Set down every line from the one with "Ed Martin, the" to the end of the entries, both ends included, exactly as it reads and without pictures.

____________________

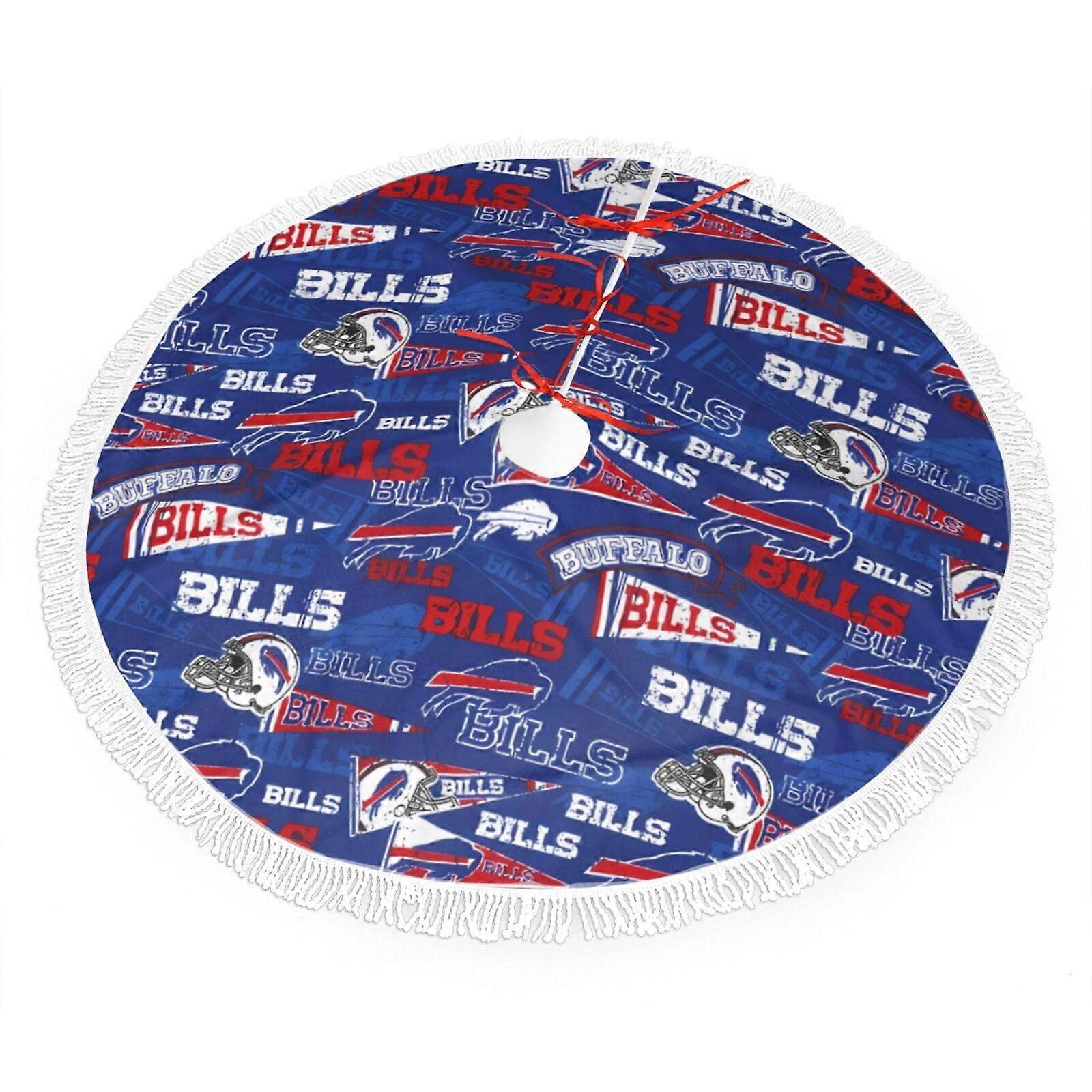 Bills Christmas Fringe Edge Plush Tree Skirt, 30" 36" 48", Bright Colors, Easy Install, Best Gift for Sports Fans
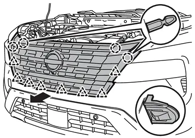 Disengage front grille fixing clips and pawls from back side while pulling front grille toward Nissan Ariya vehicle front.
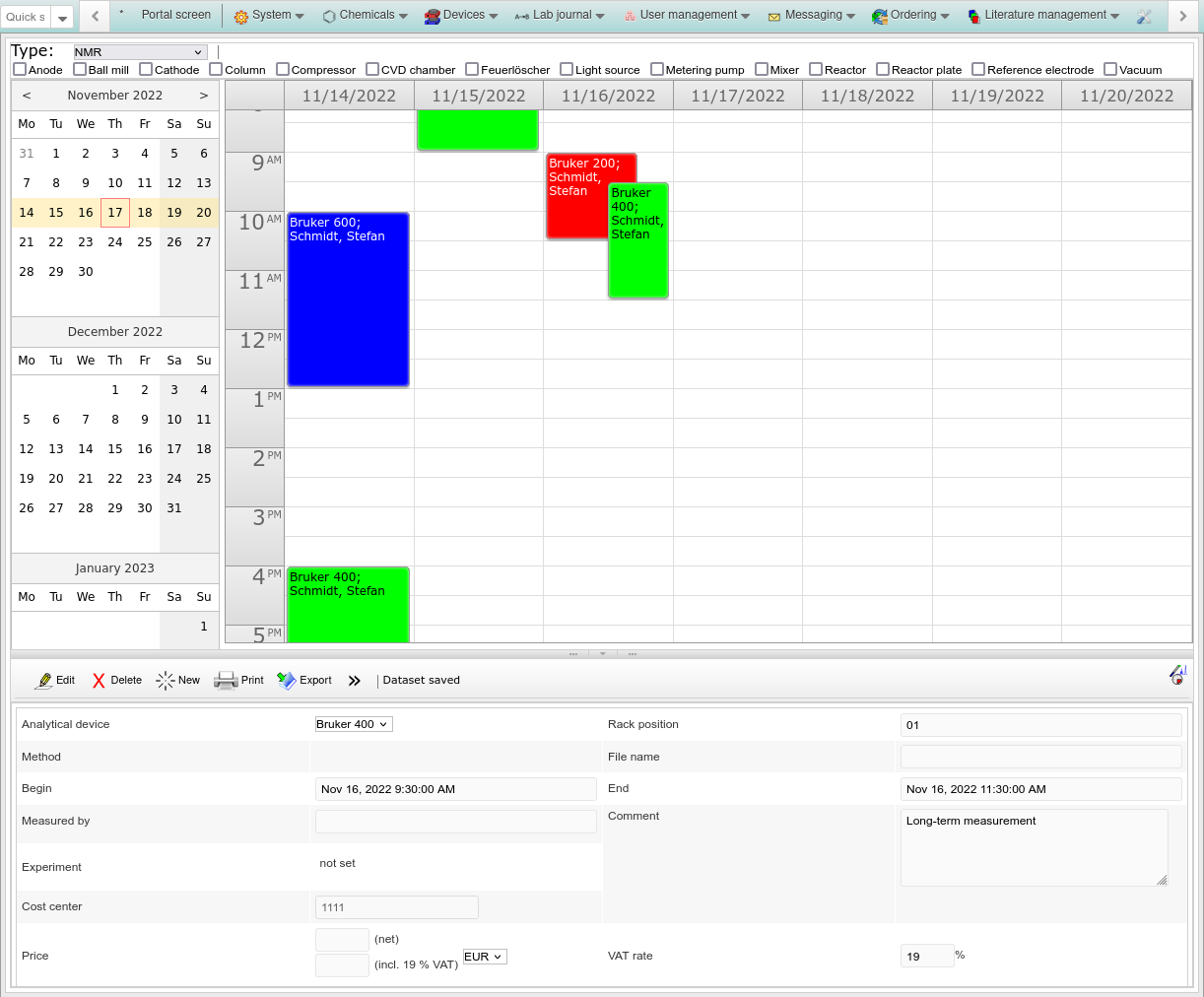 | Die naturwissenschaftliche Arbeit baut in hohem Maße auf die Verfügbarkeit gut gewarteter Geräte auf. Diese stellen oft eine knappe Ressource dar, und es ist praktisch, wenn man über ein Buchungssystem direkt prüfen kann, ob das Gerät verfügbar ist - und direkt Messzeiten buchen oder auf eine geeignete Alternative ausweichen kann. Die Buchung kann auch auf Nutzer eingeschränkt werden, für die eine notwendige Sicherheitsunterweisung im System hinterlegt ist. Für spätere Abrechnungszwecke kann eine Kostenstelle erfasst werden, um die Gerätenutzung zusammen mit Bestellungen einheitlich abzurechnen. | |
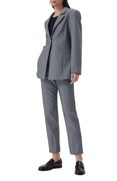 Брюки со стрелками и завышенной посадкой станут основой образа для офиса с нестрогим дресс-кодом. Модель с двумя боковыми карманами и широким поясом с эластичной вставкой сзади сшили из шерстяного твила, усиленного полиэстером.
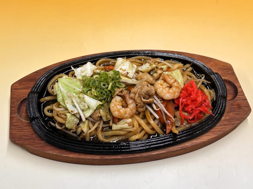 焼うどん(海老/豚肉/キャベツ/玉ねぎ/人参/もやし/刻み葱/紅生姜)
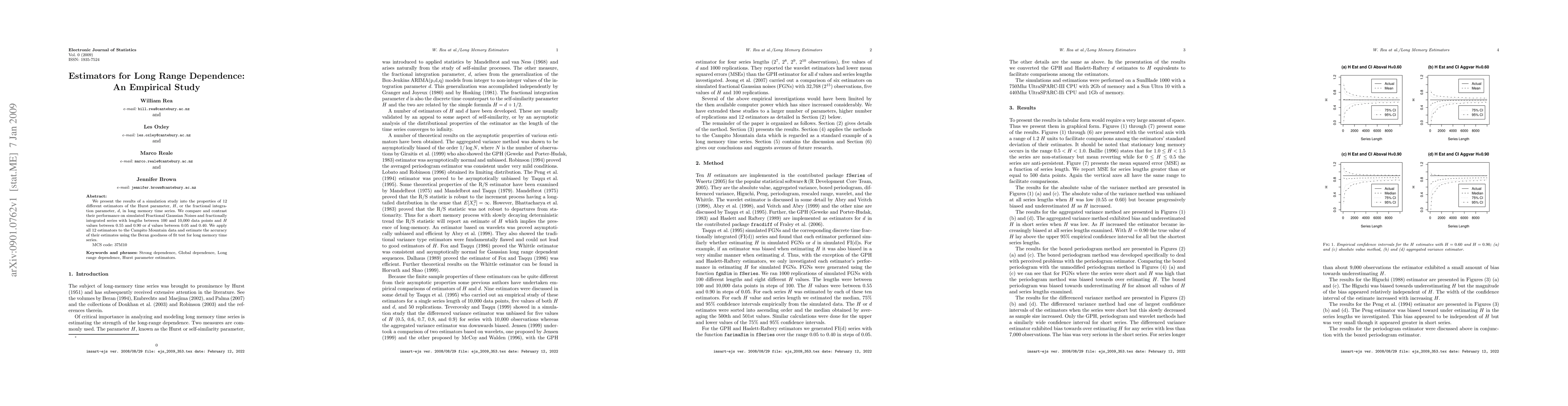 We present the results of a simulation study into the properties of 12 different estimators of the Hurst parameter, $H$, or the fractional integration parameter, $d$, in long memory time series. We compare and contrast their performance on simulated Fractional Gaussian Noises and fractionally integrated series with lengths between 100 and 10,000 data points and $H$ values between 0.55 and 0.90 or $d$ values between 0.05 and 0.40. We apply all 12 estimators to the Campito Mountain data and estimate the accuracy of their estimates using the Beran goodness of fit test for long memory time series. MCS code: 37M10
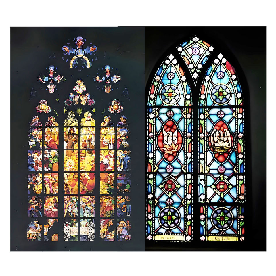 Panneaux de vitraux décoratifs pour églises, couleurs personnalisées, solides, haute transmission lumineuse, pour portes, fenêtres et cloisons
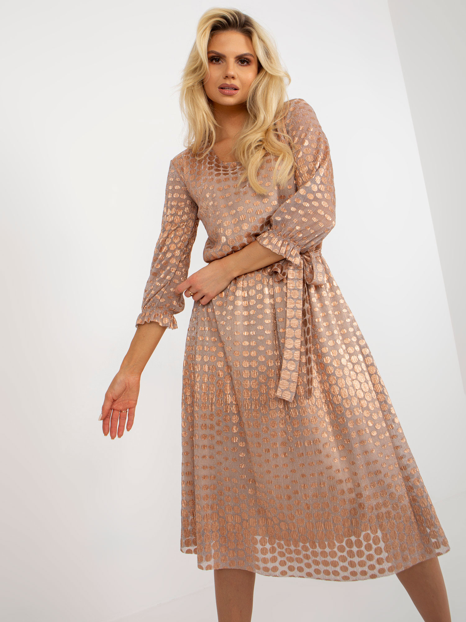 Modelka ma na sobie rozmiar S. Wymiary modelki: wzrost 167 cm, biust 73 cm, talia 64 cm, biodra 91 cm.
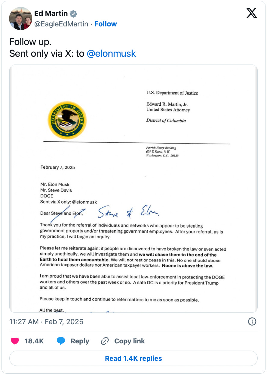 Ed Martin, the acting U.S. attorney in DC, continues to outdo himself, sending yet another love letter to Elon Musk and posting it to social media:
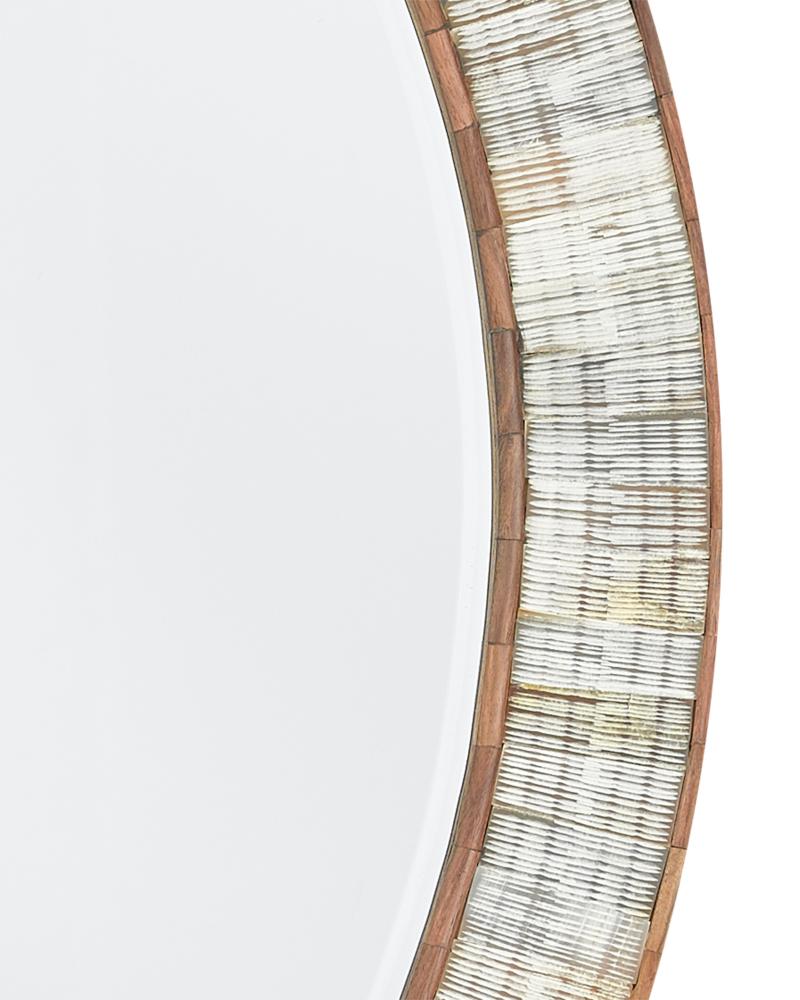 A composition of natural horn, our Hyson Round Mirror spotlights the detailing required to make natural horn appear seamless. Outlined in Sheesham wood, this natural horn decorative mirror is one of two in this family, the other version a square decorative mirror.

____________________

COMPLETED EXERCISE:
 Ed Martin, the acting U.S. attorney in DC, continues to outdo himself, sending yet another love letter to Elon Musk and posting it to social media:
 A composition of natural horn, our Hyson Round Mirror spotlights the detailing required to make natural horn appear seamless. Outlined in Sheesham wood, this natural horn decorative mirror is one of two in this family, the other version a square decorative mirror.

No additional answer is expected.